**Exercise aim**.
Only the lines from the one containing "- Insert the" through the end of the entries are to be copied, exactly and without pictures, please.
_ _ _ _ _
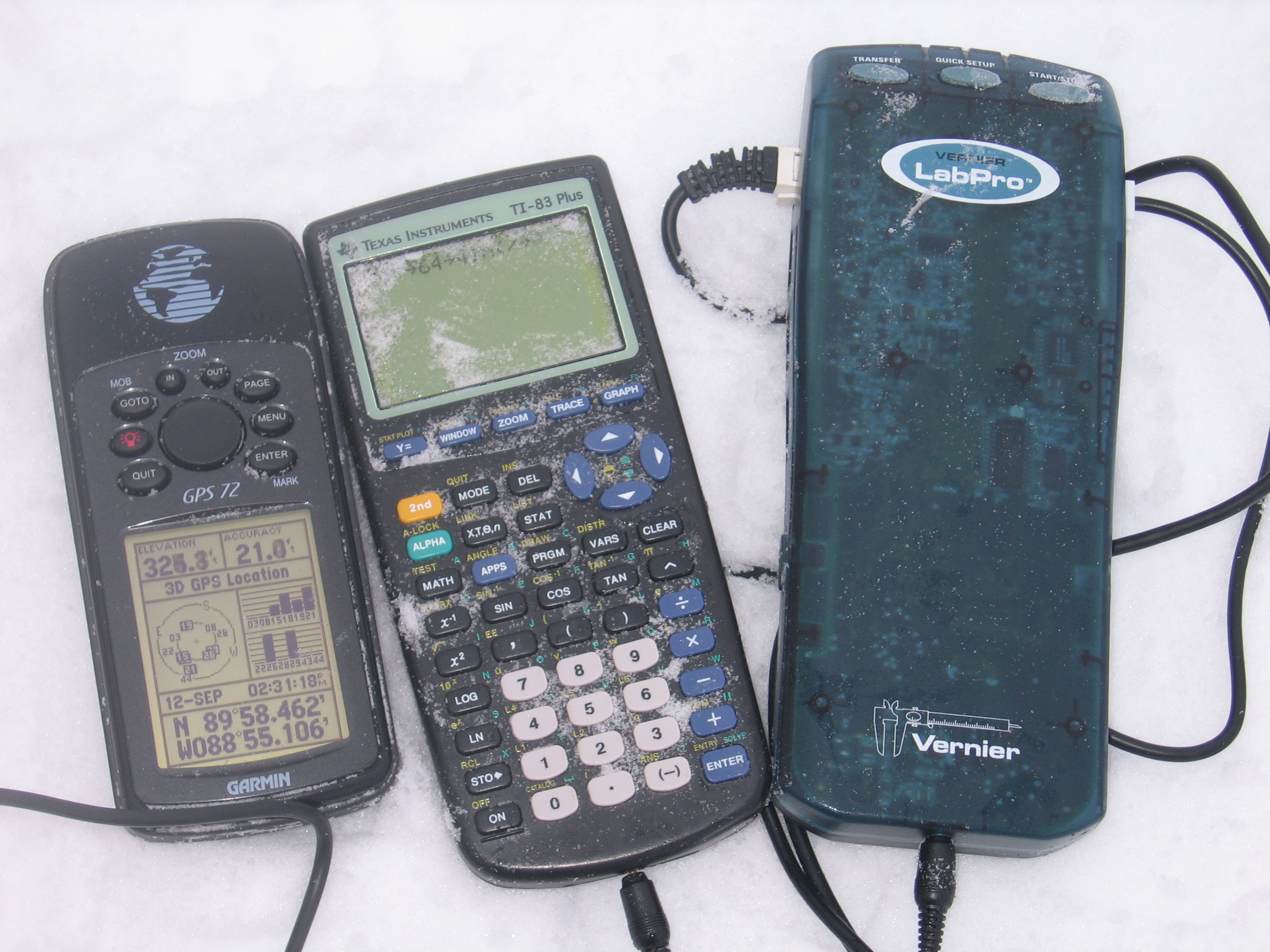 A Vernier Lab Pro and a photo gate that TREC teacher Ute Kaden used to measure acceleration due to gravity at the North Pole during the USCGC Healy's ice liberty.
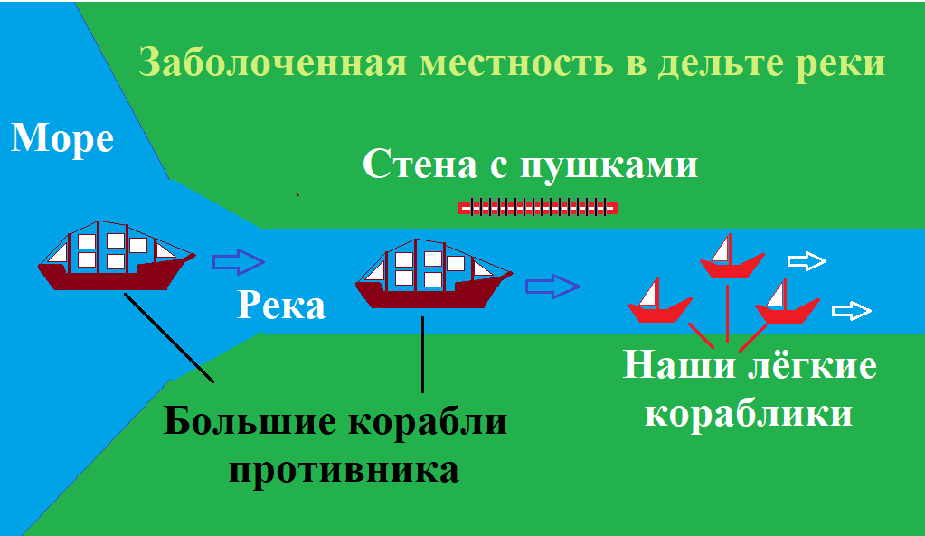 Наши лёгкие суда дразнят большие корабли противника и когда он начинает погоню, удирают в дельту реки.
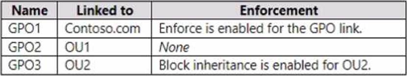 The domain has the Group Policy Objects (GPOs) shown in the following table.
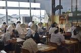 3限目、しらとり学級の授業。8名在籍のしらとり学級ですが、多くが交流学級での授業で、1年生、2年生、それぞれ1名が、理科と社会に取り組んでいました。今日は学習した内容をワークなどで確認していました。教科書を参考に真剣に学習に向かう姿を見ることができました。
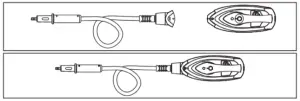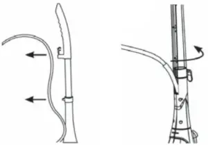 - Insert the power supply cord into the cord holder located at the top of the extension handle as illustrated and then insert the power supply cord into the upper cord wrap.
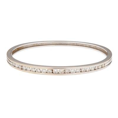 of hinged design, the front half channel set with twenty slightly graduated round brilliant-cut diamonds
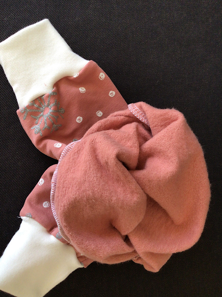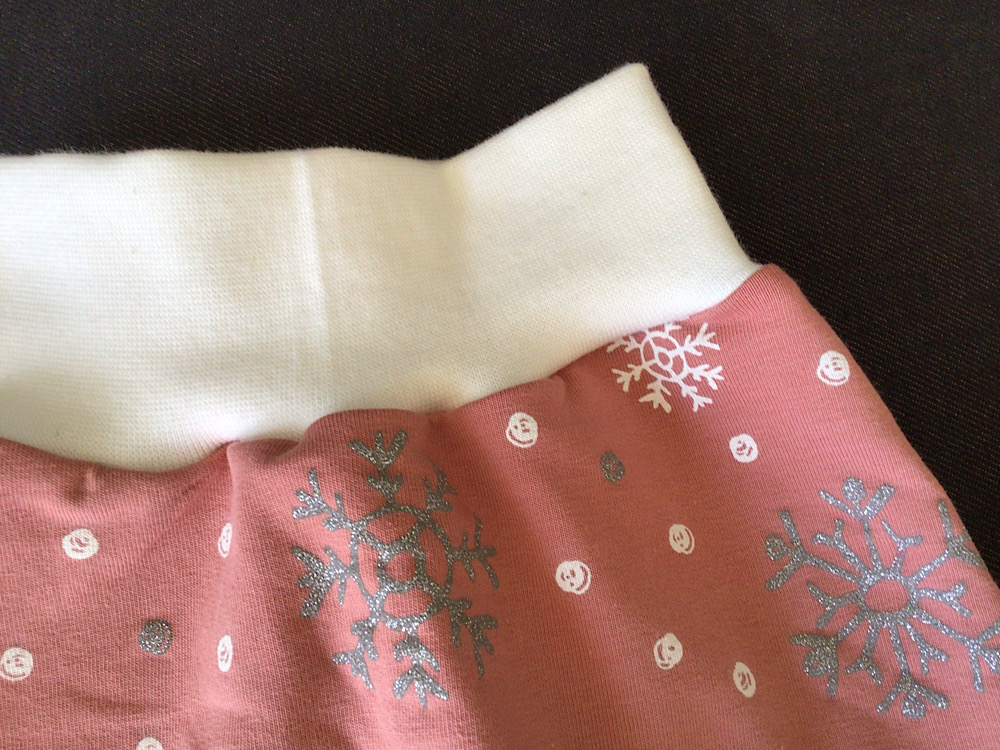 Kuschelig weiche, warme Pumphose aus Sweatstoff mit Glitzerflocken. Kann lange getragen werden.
_ _ _ _ _
**Solution to this problem**.
 - Insert the power supply cord into the cord holder located at the top of the extension handle as illustrated and then insert the power supply cord into the upper cord wrap.
 of hinged design, the front half channel set with twenty slightly graduated round brilliant-cut diamonds
 Kuschelig weiche, warme Pumphose aus Sweatstoff mit Glitzerflocken. Kann lange getragen werden.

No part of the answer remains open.